Momentum and Collisions - Mission MC3 Detailed Help

 Two balls of the same mass are thrown towards a wall and collide with it moving with a speed of 5 m/s. Ball A hits the wall and rebounds with a speed of 4 m/s. Ball B hits the wall and stops. Assume that the collisions times are the same for each ball. Compared to ball B, ball A has ____ velocity change, ____ momentum change, and ____ impact force.
 The momentum change of an object can be calculated from knowledge of the object's mass (m) and velocity change (∆v) using the formula: Momentum Change = m • ∆v
 Momentum Change - Impulse Theorem: When a force is exerted upon an object in a collision, the object is said to have encountered an impulse. The impulse is simply the mathematical product of the force exerted on the object and the amount of time over which it was exerted. The impulse changes the object's momentum and is equal to the amount of momentum change.   Impulse = Momentum Change or F•t = m•∆v
 The essential difference between the two balls is that ball A hits the wall and bounces and ball B hits the wall and stops.
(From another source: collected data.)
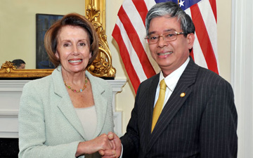 Tại buổi gặp, bà Nancy Pelosi bày tỏ đánh giá cao sự phát triển của quan hệ Đối tác toàn diện, cho rằng giữa hai bên có nhiều lợi ích tương đồng to lớn và nhiều tiềm năng để phát triển hơn nữa. Hạ Nghị sĩ Nancy Pelosi tin tưởng trên cơ sở của 20 năm quan hệ ngoại giao, hai nước sẽ tiếp tục đạt được các thành công mới, đáp ứng tốt hơn nữa kỳ vọng của mỗi bên và đóng góp cho hòa bình, ổn định ở trong khu vực châu Á-Thái Bình Dương và trên thế giới. Bà Nancy Pelosi cho biết rất mong đợi vào chuyến thăm Việt Nam sắp tới để tận mắt chứng kiến sự phát triển ấn tượng của Việt Nam về các mặt, cũng như trao đổi về các biện pháp tăng cường quan hệ giữa hai nước, nhất là đúng năm hai nước kỷ niệm 20 năm quan hệ.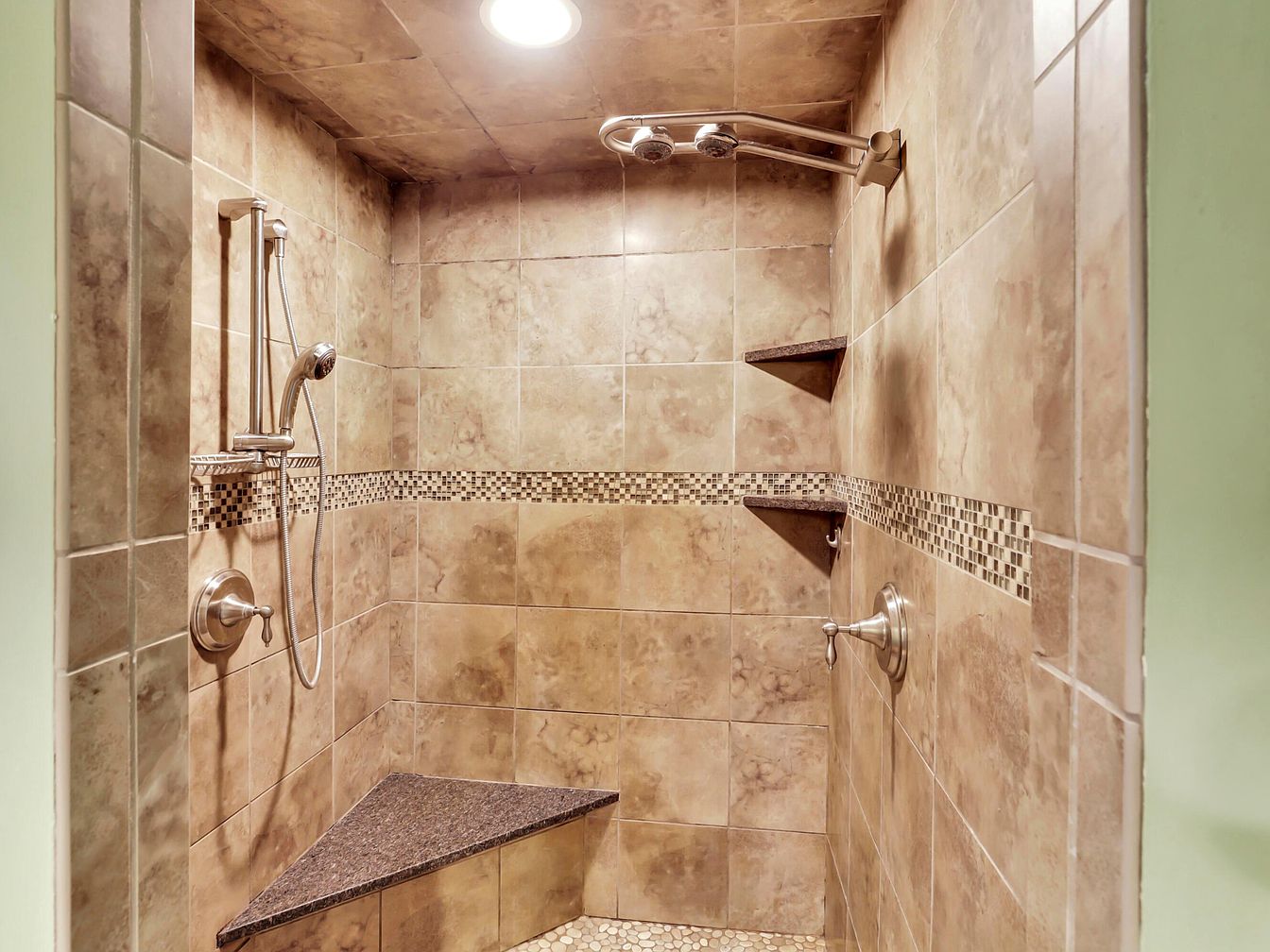 Spacious walk-in shower featuring large tan tiles with a marbled effect, arranged neatly on the walls and ceiling. A horizontal band of small, mosaic tiles in earth tones provides a decorative accent running around the middle of the walls. The design includes two corner shelves made of dark stone for storage, and a matching triangular corner bench for seating. There are two chrome showerheads, one fixed and one handheld, adding a sense of luxury. The lighting is soft and recessed, enhancing the warm, inviting atmosphere of the space, which is both functional and stylish.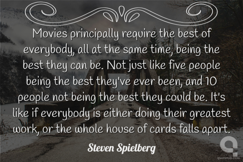 Movies principally require the best of everybody, all at the same time, being the best they can be. Not just like five people being the best they've ever been, and 10 people not being the best they could be. It's like if everybody is either doing their greatest work, or the whole house of cards falls apart.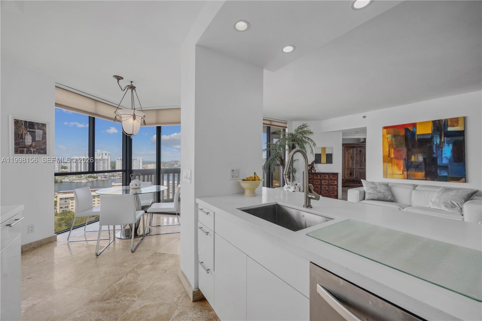 Beautiful, Relaxing Water Views from this 19th floor unit. Come sit on either of the two balconies and watch the boats go by, the fish swim below or just gaze at the amazing views from all directions. This 2 bedroom 2 bathroom, updated units boasts an open, updated kitchen with custom built pantry, marble floors, updated bathrooms, smooth ceilings and walls, walk in closets, split floor plan with full size washer/dryer in the unit. Jacuzzi tub and stand up shower in the master, water views form both bedroom. This building has its own pool, gym, hot tub, conference room, library, rec room with coffee and billiards. All this in the unmatched Luxury Resort Living on Williams Island. This Luxury Resort offers, great security with roving guards a 27,000 sq ft Spa, New Clubhouse with restaurants, Deli, Huge Gym, Classes, Outdoor pool, Indoor Pool, 15 Tennis courts, 4 Padel Court, Pickleball courts, pro shop, nail salon and more. Everything you could want for a luxury healthy lifestyle. Building has fully funded reserves. Call for your private tour.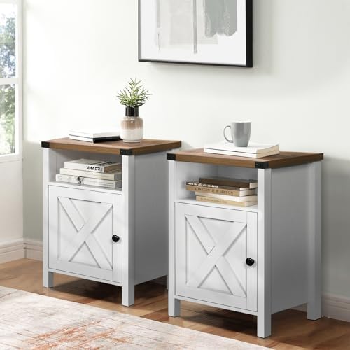 Farmhouse nightstand set of 2 have unique appearance in white adds a farmhouse style to your living room or bedroom.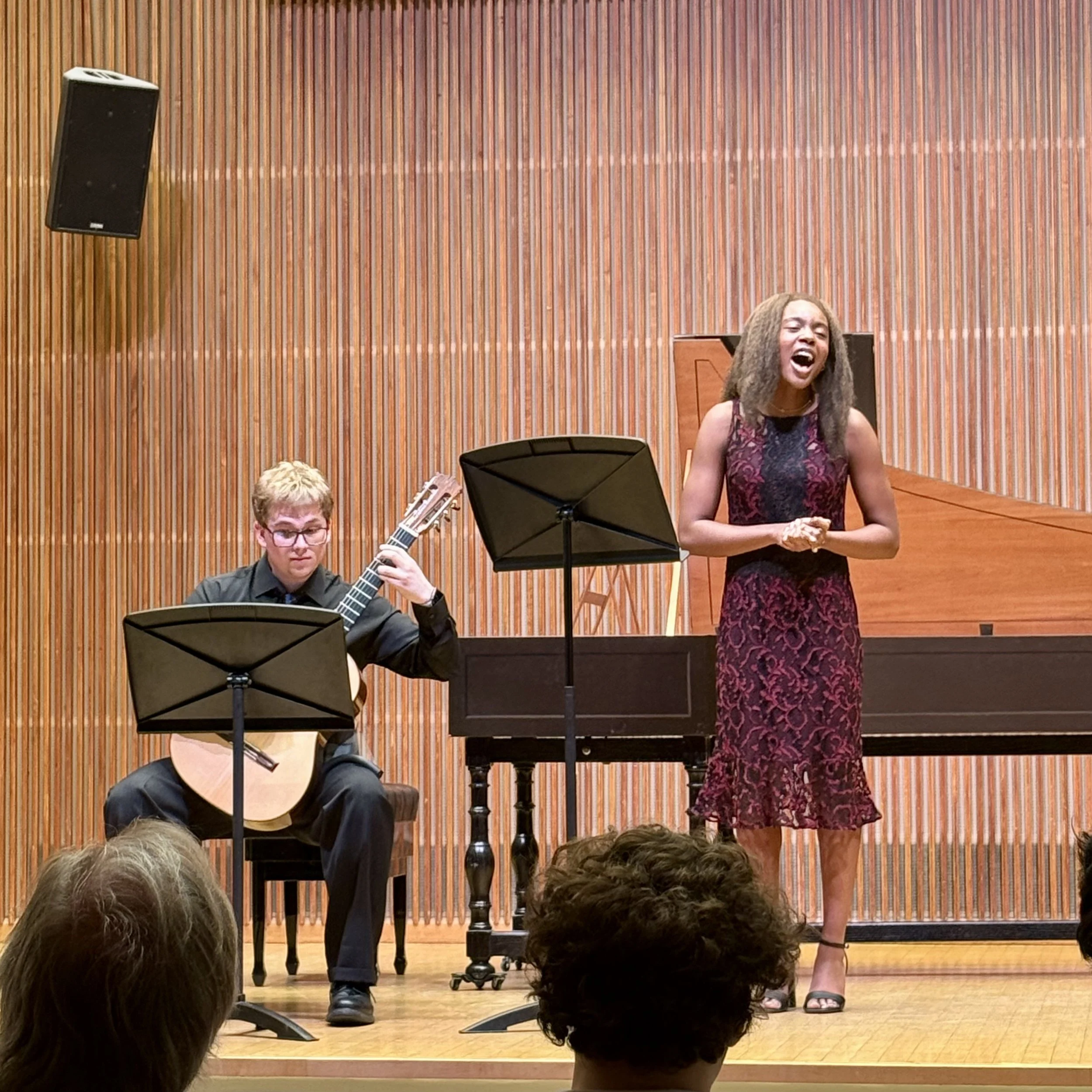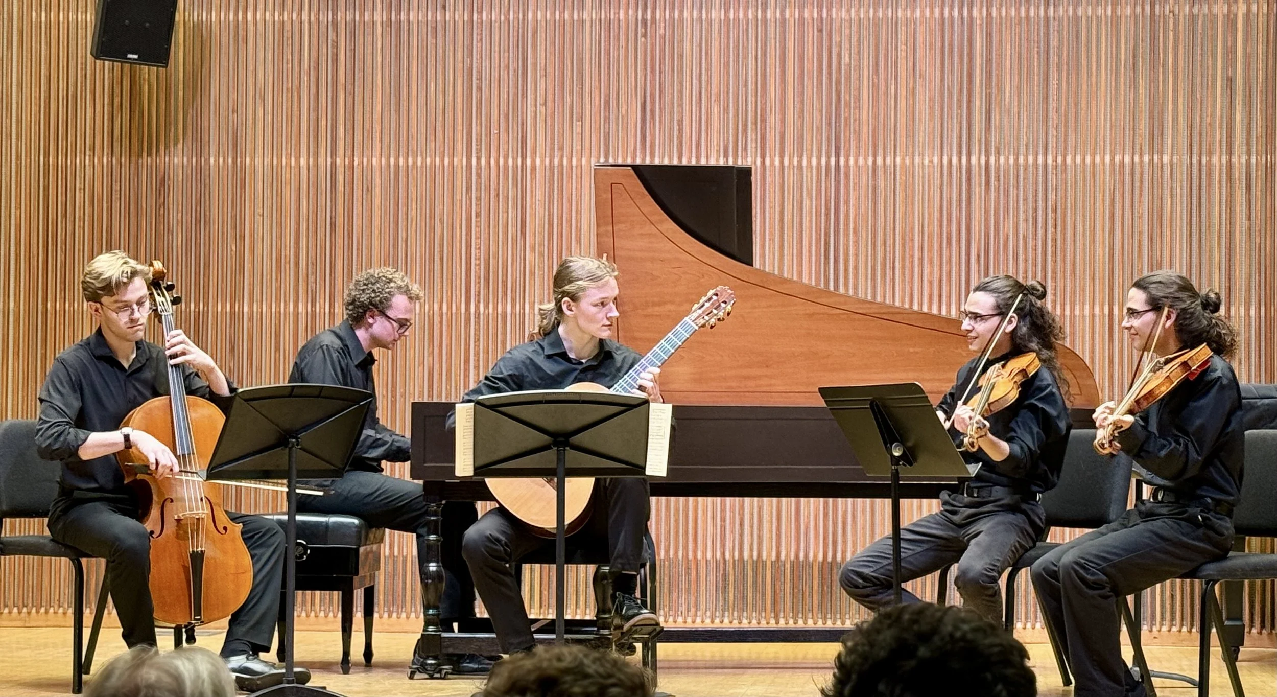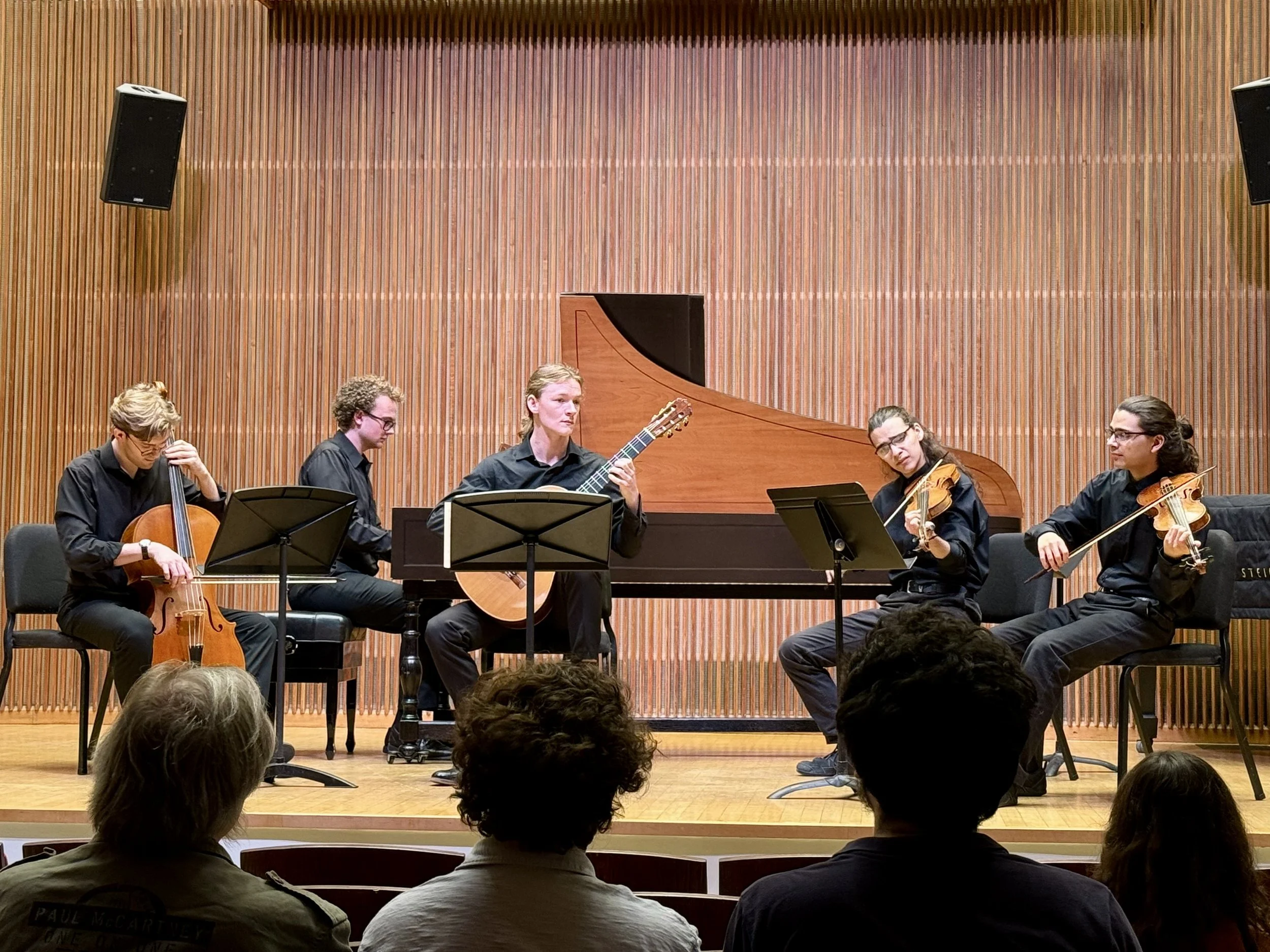 Next up was a reading of Vivaldi’s beloved Lute Concert in D, performed on guitar by Sam Schollenberger, and accompanied by members of the Historical Performance division: violinists Boaz and Aaron Mechim, cellist Zack Price, and harpsichordist Lucas Peters. While the ensemble had scant time to rehearse this work in advance, it nonetheless sounded highly professional and intensely spirited. The audience erupted with hoots afterwards.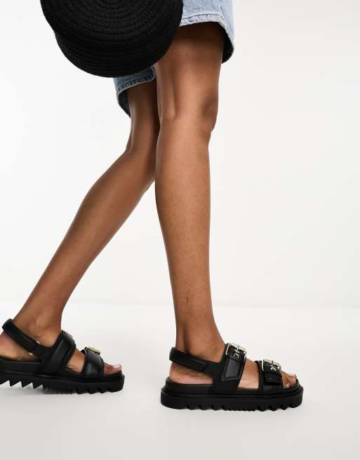 Stradivarius Wide Fit cross strap buckle chunky sandal in black Very well made.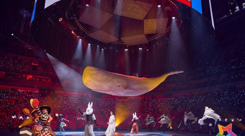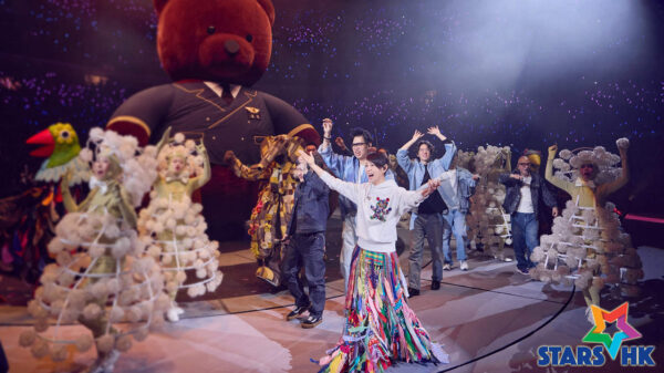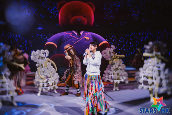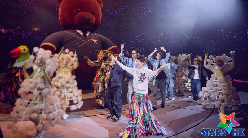 4.舞臺上的飛天鯨魚、旋轉巨熊、音符紙飛機化作紙花,全場飄灑陪伴飛到大家身邊;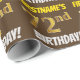 Ce papier d’emballage comporte un message comme "FIRSTNAME’S 72nd BIRTHDAY!", avec le "72nd" ayant une apparence de couleur fausse/imitation or, et avec le nom et "BIRTHDAY" dans une police amusante et audacieuse. Le nom peut être customisé, et l'arrière - plan est de couleur marron. Un papier comme celui-ci pourrait peut-être être utilisé pour envelopper les cadeaux d'anniversaire donnés à quelqu'un pour célébrer leur soixante-douzième anniversaire. [~Z0000211]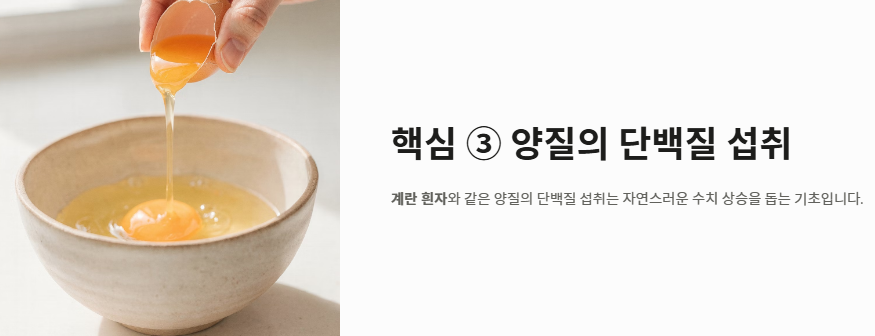 - 계란 흰자와 같은 양질의 단백질 섭취는 자연스러운 수치 상승을 돕는 기초입니다.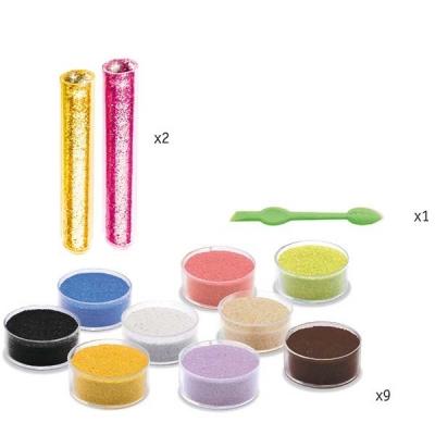 С помощью набора для творчества Djeco рисование цветным песком Чудеса леса (DJ08662) ребенок сможет создать четыре картины из цветного писка. Картинки-основы разделены на сегменты, повторяющие элементы изображения.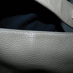 Color is a taupe tone. Condition is preowned/good with normal signs of wear on corners and exterior. Creasing on the shoulder handle. A couple of marks on the exterior. Interior needs a cleaning. See pictures for additional description.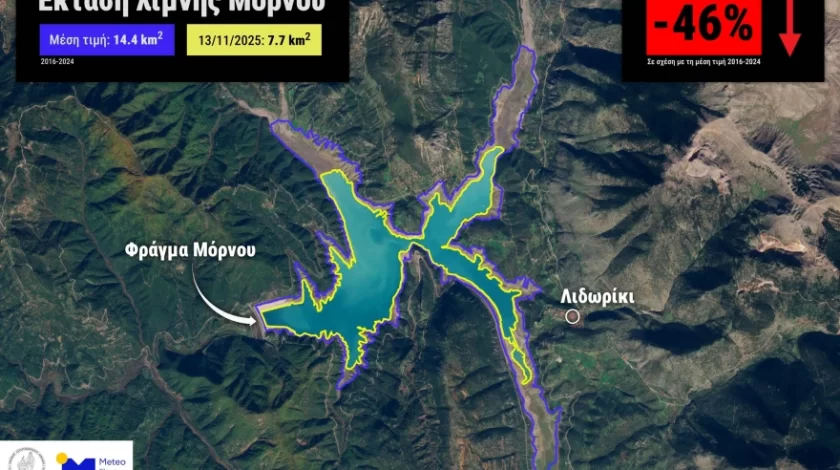 Την κρισιμότητα της κατάστασης επιβεβαιώνουν και τα επιστημονικά δεδομένα του Εθνικού Αστεροσκοπείου Αθηνών. Δορυφορική ανάλυση που πραγματοποίησε η υπηρεσία Meteo.gr στις 9 Οκτωβρίου 2025 έδειξε ότι η έκταση της λίμνης του Μόρνου έχει συρρικνωθεί στα 8.3 τετραγωνικά χιλιόμετρα, τιμή μειωμένη κατά 44% σε σχέση με τη μέση τιμή της περιόδου 2016-2024 (14.9 km²).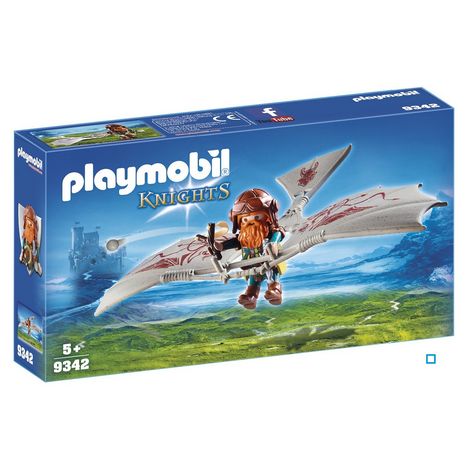 Playmobile te fait découvrir le monde de Knoghts avec le Nain et le deltaplane. Les accessoires fournis te permettront d'inventer des aventures extraordinaires !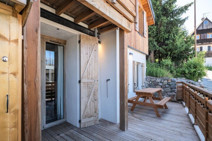 In the heart of the charming Vieil Alpe district of Alpe d'Huez, this exquisite apartment in the Quartz residence offers an unparalleled alpine retreat. With its prime location, you’ll enjoy ski-in/ski-out access and be just steps away from the ski lifts, ensuring seamless days on the slopes. The south-facing terrace invites you to bask in the sun while taking in breathtaking mountain views, creating the perfect setting for relaxation after a day of adventure. The warm wooden decor and bright interiors exude a cozy mountain ambiance, making it a haven for winter sports enthusiasts and nature lovers alike. \n\nThe 45m² apartment is thoughtfully designed to accommodate up to four guests. The open-plan kitchen flows into a welcoming living and dining area, ideal for shared meals and cozy evenings. The double bedroom and a second bedroom with a bunk bed provide comfortable sleeping arrangements for families or small groups. A modern bathroom with a bathtub and toilet ensures convenience, while the spacious 38m² terrace offers a private outdoor escape to soak in the alpine atmosphere. \n\nThe residence boasts excellent amenities, including a ski locker with a boot dryer, bicycle storage, and complimentary Wi-Fi. Guests are greeted with thoughtful touches such as made-up beds, premium linens, and bathroom products, ensuring a seamless and luxurious stay. The end-of-stay cleaning service allows you to focus solely on enjoying your holiday. \n\nLocated in the vibrant Vieil Alpe district, you’ll find a wealth of nearby attractions, from the ESF ski school and cable cars to a sports center with a swimming pool, gym, and cinema. The area’s shops and restaurants offer everything from local delicacies to lively après-ski experiences. Whether you’re here for thrilling descents or tranquil mountain moments, this apartment is your gateway to an unforgettable alpine escape.

For two balls such as this with the same pre-collision speed, the ball that bounces is the ball that has the greatest velocity change. After all, if ball B ball changes its velocity from +5 m/s to 0 m/s, then there is a change in velocity of -5 m/s. But if ball A ball changes its velocity from +5 m/s to -4 m/s, then there is a change in velocity of -9 m/s. Ball A has the greatest magnitude of velocity change. The ball with the greatest ∆v will also have the greatest m•∆v. And if impulse is equal to the momentum change, then the ball with the greatest m•∆v also encounters the greatest impulse.